I was just looking at an interesting article about PMC's. It says the U.S. Department of Defense has about 50,000 men and women working for them over in Iraq from ex SAS LCol Tim Spicer's Aegis Defence Services Ltd. He was given a 3 year contract valued over $510 million dollars to provide security for all of Iraq's major government projects. Looking into this a little further i found out some of the salaries guys are getting are $110,00 US per annum as well as 100 paid vacation days a year, depending on qualifications and previous combat experience.Now my question is this, if we have several and there are several of these companies providing this service, why are we not using them more often. Is it the cost? there reputation? political backlash? or is it just that maybe when it comes right down to it unlike other countries, Canada would rather do it's own missions and stick to it's morals and values. I think other countries use these PMC's as a way of getting "the dirty work done" without losing face or any kind of bad press it might get over its own soldiers getting killed,(like the over 1800 US soldiers who have already die in Iraq.) If there are men willing to go out and do what needs to be done without worrying about getting killed and with no actual ROE's, why are we not looking into using something like that to protect Canadian interests overseas as our military is so drastically stretched thin. Could this be why the US is using them.... no accountability??? As PMC's are becoming more common more and more special forces soldiers will be lured into the lucrative world of mercenary work. Great pay, top of the line kit, as well as getting real combat experience is why i believe alot of SpecOPs are jumping ship and joining PMC"s for $1000 buck s a day. I'm sure alot of you will weigh in on this and I'd like to know what you all think. If you want to check out a link here's the one to Tim Spicer's Aegis Ltd. check out the employment section, it's quite interesting. http://www.aegisdef.com/recruit.aspx  Cheers all!!!!!


----------



## BITTER PPLCI CPL (8 Aug 2005)

They will never raplace full fledged militaries and their political motivation to go to war, however if there are job's in theatre that the military doesn't have time to perform on a regular basis, then yes. Should they be used by us, yes but only in certain cases. Let's say a company of some sort is operating in a Afghanistan, rather than having Canadian troops use it's resources to protect them hire PSD's like Globe Risk Inc. or someone else to do so. There will always be some demand for this service and Canada could probably benefit, as long as the company hired doesn't take short cut's in hiring as in the case of Blackwater!


----------



## Younghusband (9 Aug 2005)

More on Tim Spicer and PMCs here:

http://www.cominganarchy.com/archives/2005/06/26/dogs-of-war/


----------



## a_majoor (14 Aug 2005)

PMC's are just a turn in the great wheel of history. Mercenary companies and even armies have existed throughout history. Some have been very good indeed.The "Ten Thousand" of the Anibasis were Greek mecrenaries who marched through what is now Iraq," Kurdistan" and Turkey to the Black sea in winter, and the Swiss were considered fearsome soldiers between @1300-1500, often other mercenaries would quit the field rather than face them.

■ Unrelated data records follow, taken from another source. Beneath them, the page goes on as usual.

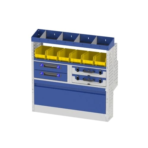 Lors de vos missions, si votre utilitaire n'est pas rangé, vous perdez du temps à chercher vos outils. Ce meuble de rangement vous permet de travailler de façon organisée. Les différentes options qui composent cet aménagement vous permettent de ranger du matériel imposant (perceuse, visseuse, marteaux, caisses à outils etc) et du matériel de petite taille (visserie, accessoires etc).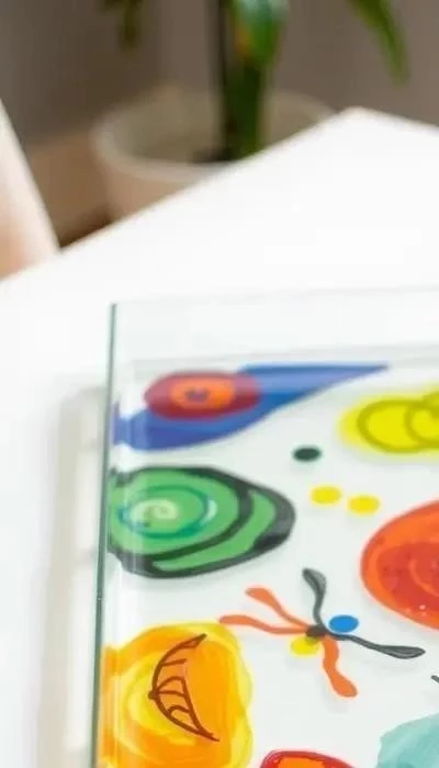 Описание: Элегантный и изысканный поднос с абстрактным или цветочным рисунком. Материалы: Стеклянный поднос, краски для стекла, кисти, лак. Инструкция: Нанесите рисунок на стекло с помощью красок. Дайте краске высохнуть. Покройте лаком.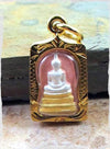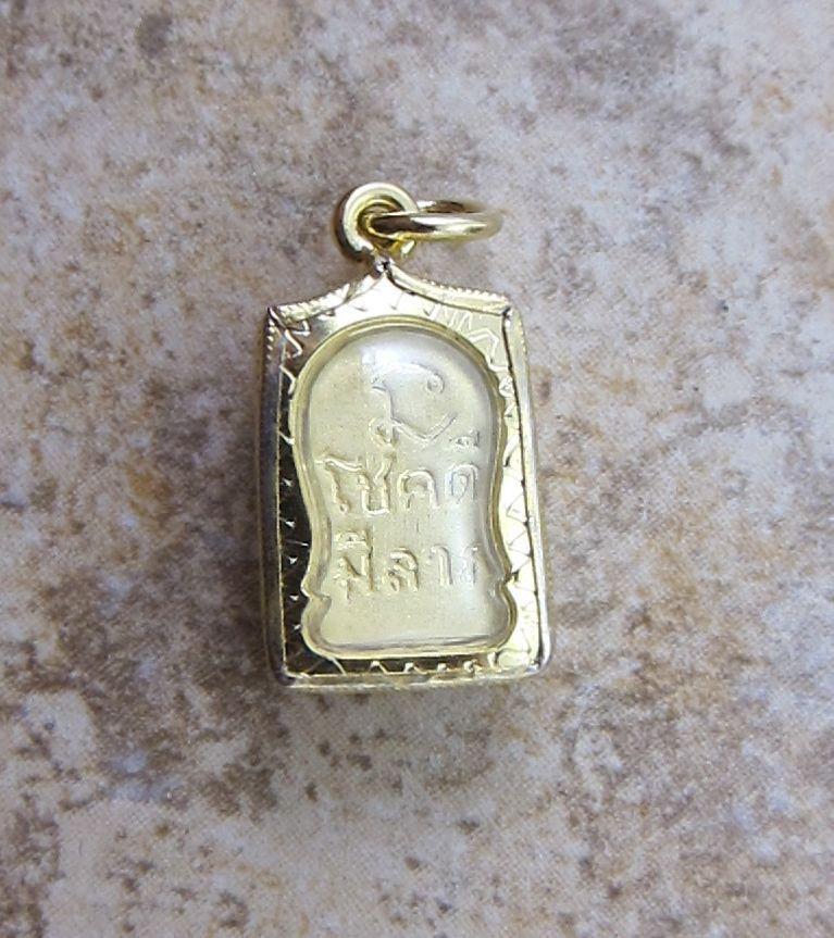 Just in from Bangkok Thailand! This charming little Thai amulet is wrapped in a gold plated case. These collectable amulets are found on every single person in Thailand. We found these near Wat Pho and donated to the temple where they were being sold by monks.

This can go in two ways; Mercenaries can become a bigger part of the military equation should the state not find enough willing volunteers; or the State can increase the amount of resources in its own military to hunt down private operators (the growth of the State was partially fuelled by the need to create "Royal" forces capable of hunting down brigands and "Free Companies" of unattached mercenaries). I suspect the need for "Royal" forces to hunt down terrorist groups will trump the growth of mercenary forces and units, but that is only a guess on my part.


----------



## TheNomad (23 Sep 2005)

Well I used to work for a PMC.

You have to remember like all companies there are good ones and bad ones.

I was lucky in that my company DSL (now taken over by Armour Group) was a good one.  Some of the companies for whom some of my mates worked were truly awful and treated their staff much like spare parts.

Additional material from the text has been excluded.